**RECORDS FOR PROCESSING**
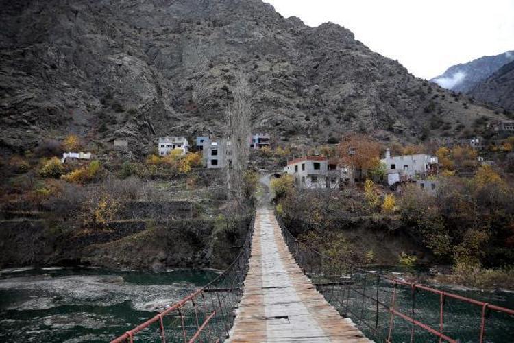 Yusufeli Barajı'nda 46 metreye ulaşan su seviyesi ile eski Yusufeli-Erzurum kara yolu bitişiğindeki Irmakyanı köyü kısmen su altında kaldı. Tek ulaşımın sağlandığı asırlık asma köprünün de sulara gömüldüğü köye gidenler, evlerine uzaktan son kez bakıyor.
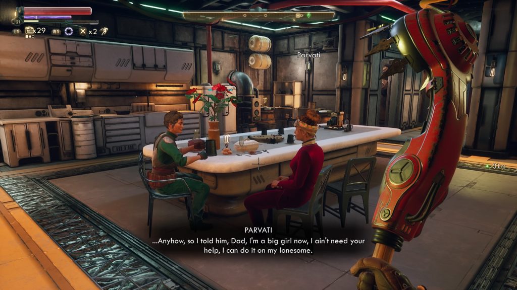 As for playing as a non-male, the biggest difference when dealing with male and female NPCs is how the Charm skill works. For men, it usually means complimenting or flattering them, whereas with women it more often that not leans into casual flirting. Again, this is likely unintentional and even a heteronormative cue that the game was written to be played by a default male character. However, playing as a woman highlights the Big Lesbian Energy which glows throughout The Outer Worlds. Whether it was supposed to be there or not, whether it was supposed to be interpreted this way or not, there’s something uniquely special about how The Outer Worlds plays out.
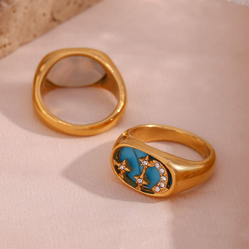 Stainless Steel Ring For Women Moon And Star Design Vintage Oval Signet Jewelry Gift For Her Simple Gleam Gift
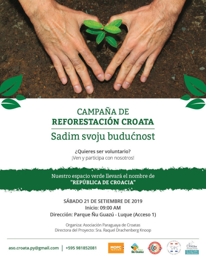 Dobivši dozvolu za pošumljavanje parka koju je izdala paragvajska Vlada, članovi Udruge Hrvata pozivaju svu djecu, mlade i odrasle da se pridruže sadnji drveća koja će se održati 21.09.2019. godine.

---

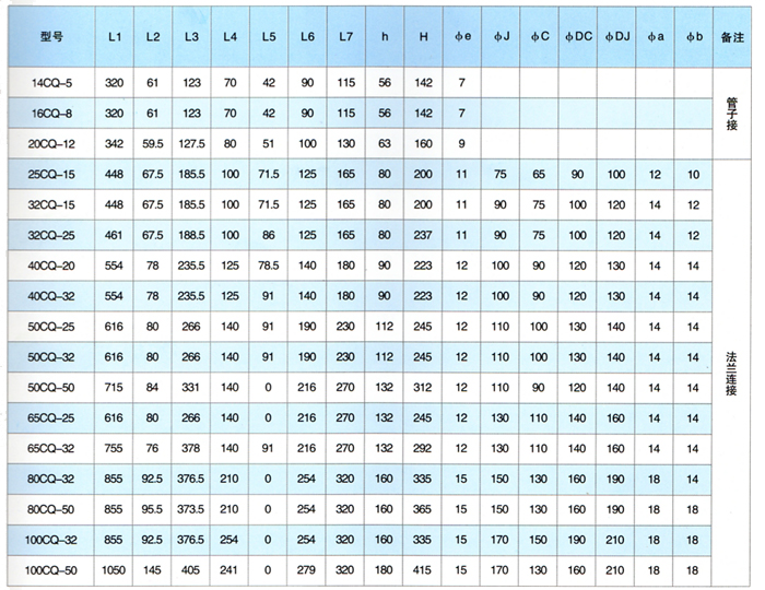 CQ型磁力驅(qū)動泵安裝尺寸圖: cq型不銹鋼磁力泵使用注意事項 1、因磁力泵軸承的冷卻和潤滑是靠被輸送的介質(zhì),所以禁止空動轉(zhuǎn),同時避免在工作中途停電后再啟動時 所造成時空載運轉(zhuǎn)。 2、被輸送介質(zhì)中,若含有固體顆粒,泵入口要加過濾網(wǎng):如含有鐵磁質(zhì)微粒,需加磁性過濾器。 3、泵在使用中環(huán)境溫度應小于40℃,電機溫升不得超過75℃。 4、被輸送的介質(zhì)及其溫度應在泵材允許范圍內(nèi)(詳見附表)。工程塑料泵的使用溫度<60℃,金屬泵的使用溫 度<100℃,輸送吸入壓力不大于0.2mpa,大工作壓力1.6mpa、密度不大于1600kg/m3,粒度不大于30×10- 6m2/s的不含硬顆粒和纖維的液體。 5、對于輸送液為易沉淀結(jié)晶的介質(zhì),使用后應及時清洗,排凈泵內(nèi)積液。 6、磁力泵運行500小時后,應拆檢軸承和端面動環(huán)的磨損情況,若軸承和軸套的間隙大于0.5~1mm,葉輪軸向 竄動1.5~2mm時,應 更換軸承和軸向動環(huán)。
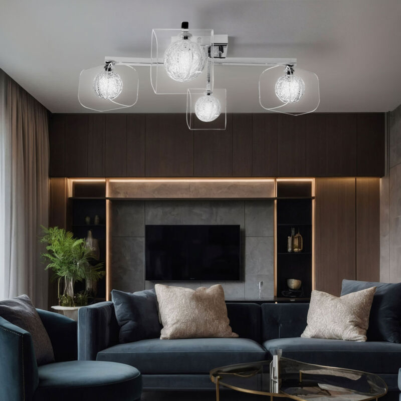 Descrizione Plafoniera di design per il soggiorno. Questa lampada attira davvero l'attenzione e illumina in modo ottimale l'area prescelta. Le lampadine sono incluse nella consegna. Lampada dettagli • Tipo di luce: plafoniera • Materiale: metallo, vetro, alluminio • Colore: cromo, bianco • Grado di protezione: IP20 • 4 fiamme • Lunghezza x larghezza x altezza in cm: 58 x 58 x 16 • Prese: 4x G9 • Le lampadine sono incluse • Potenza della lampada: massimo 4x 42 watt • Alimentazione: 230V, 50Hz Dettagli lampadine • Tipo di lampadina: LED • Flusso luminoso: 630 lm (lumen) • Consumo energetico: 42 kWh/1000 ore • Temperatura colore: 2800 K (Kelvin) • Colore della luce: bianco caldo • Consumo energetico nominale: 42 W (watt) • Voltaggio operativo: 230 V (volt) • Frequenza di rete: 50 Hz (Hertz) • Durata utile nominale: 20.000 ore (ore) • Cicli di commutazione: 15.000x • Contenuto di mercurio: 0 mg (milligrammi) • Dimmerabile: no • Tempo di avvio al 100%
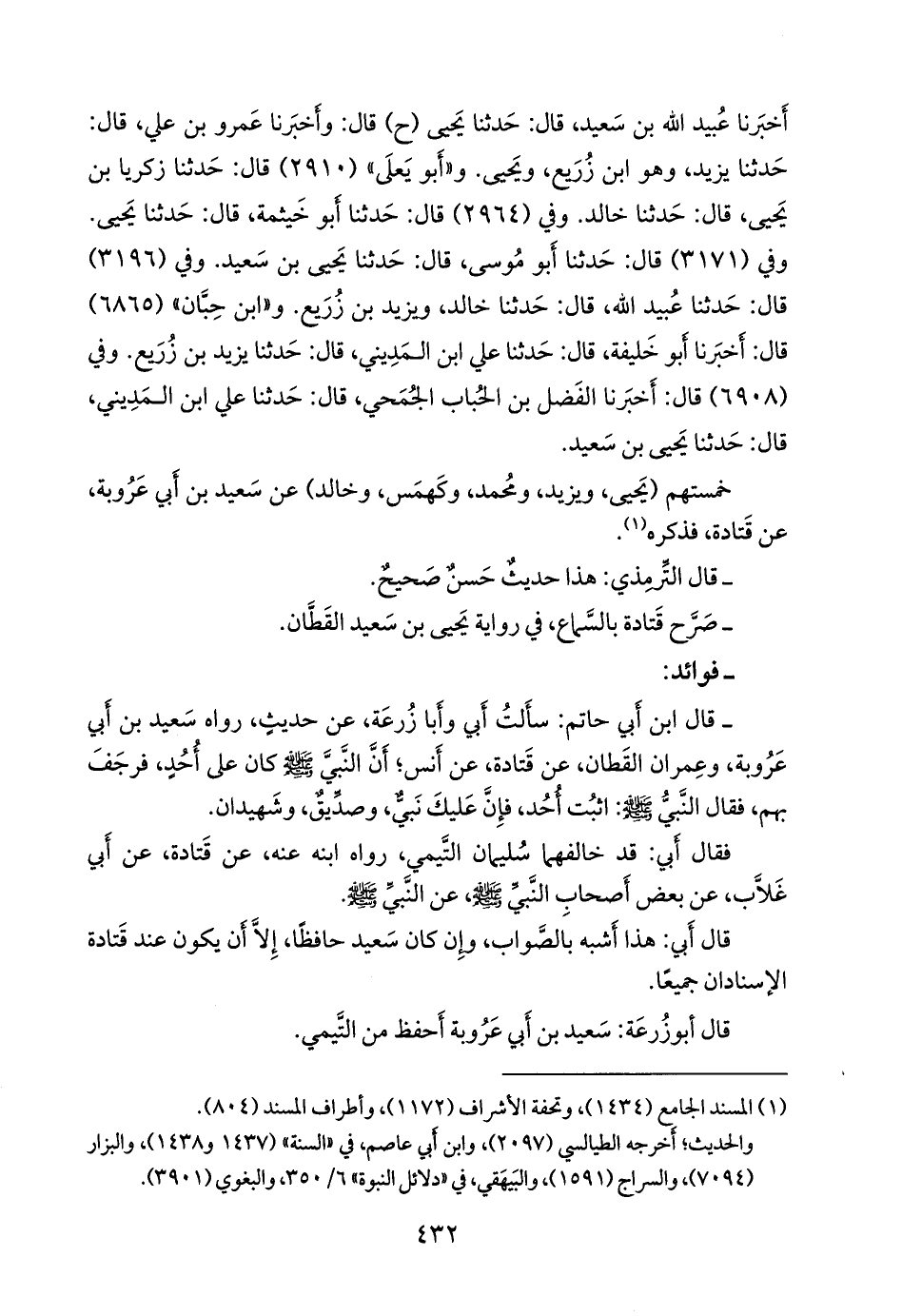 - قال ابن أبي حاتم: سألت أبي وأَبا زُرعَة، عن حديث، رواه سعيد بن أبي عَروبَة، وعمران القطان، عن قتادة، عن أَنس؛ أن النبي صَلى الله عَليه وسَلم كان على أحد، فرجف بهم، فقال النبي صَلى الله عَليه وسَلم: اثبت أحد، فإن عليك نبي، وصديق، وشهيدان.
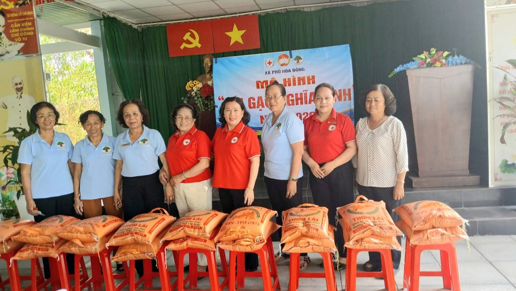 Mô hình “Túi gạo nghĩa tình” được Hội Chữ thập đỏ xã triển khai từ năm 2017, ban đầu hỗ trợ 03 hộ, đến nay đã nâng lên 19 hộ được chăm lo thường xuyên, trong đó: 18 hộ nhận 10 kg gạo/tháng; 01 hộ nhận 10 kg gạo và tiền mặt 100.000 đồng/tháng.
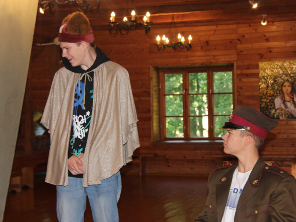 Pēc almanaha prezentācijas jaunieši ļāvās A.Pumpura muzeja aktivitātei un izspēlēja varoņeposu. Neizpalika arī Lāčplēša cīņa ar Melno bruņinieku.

--

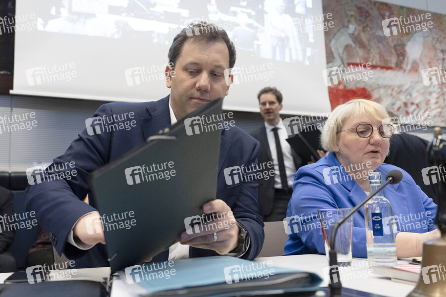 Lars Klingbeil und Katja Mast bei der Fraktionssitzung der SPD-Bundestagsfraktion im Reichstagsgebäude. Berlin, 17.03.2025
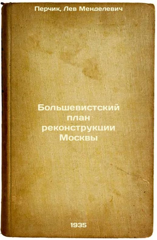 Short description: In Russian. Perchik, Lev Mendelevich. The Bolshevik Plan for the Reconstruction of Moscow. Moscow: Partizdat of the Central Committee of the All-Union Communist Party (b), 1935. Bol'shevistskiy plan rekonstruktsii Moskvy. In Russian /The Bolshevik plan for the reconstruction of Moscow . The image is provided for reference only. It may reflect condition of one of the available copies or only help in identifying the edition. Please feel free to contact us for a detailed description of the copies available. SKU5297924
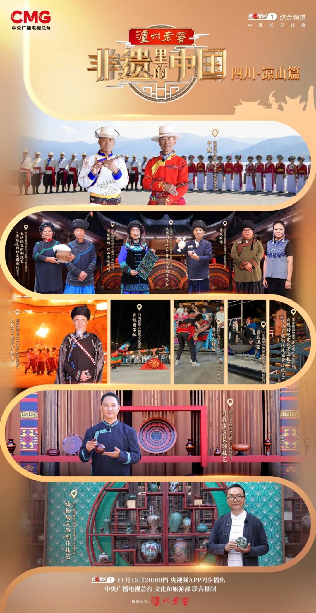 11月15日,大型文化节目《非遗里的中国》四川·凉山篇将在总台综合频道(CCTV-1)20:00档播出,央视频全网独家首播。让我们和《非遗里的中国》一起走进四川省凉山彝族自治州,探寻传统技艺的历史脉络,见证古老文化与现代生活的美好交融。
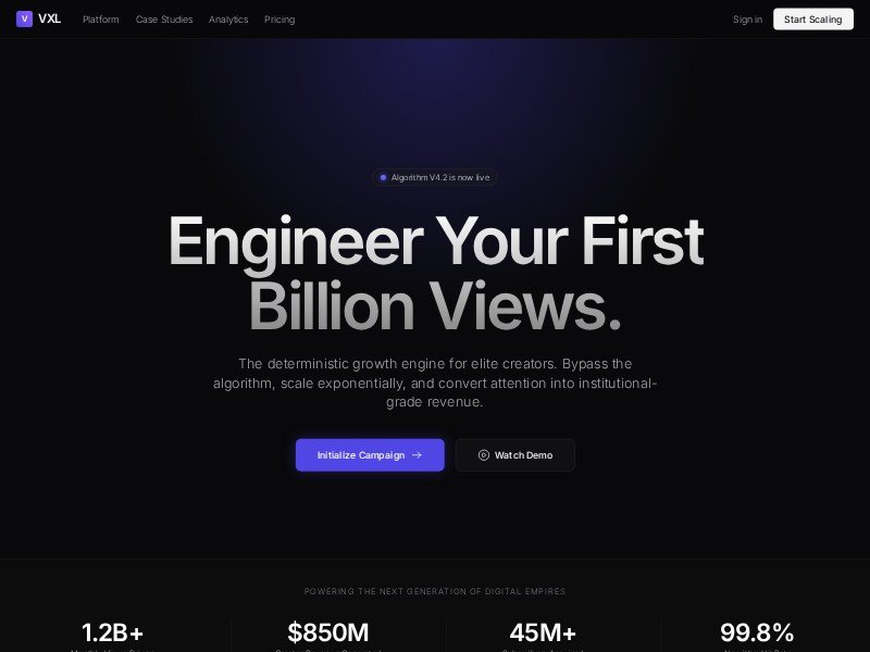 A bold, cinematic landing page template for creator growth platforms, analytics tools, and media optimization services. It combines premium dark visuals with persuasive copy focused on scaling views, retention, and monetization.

**EXERCISE PROMPT**
Pictures excluded, reproduce only the part above that opens with the line holding "11月15日,大型文化节目《" and closes with the line holding "A bold, cinematic", exactly as written.

**SOLUTION TO THIS TASK**
 11月15日,大型文化节目《非遗里的中国》四川·凉山篇将在总台综合频道(CCTV-1)20:00档播出,央视频全网独家首播。让我们和《非遗里的中国》一起走进四川省凉山彝族自治州,探寻传统技艺的历史脉络,见证古老文化与现代生活的美好交融。
 A bold, cinematic landing page template for creator growth platforms, analytics tools, and media optimization services. It combines premium dark visuals with persuasive copy focused on scaling views, retention, and monetization.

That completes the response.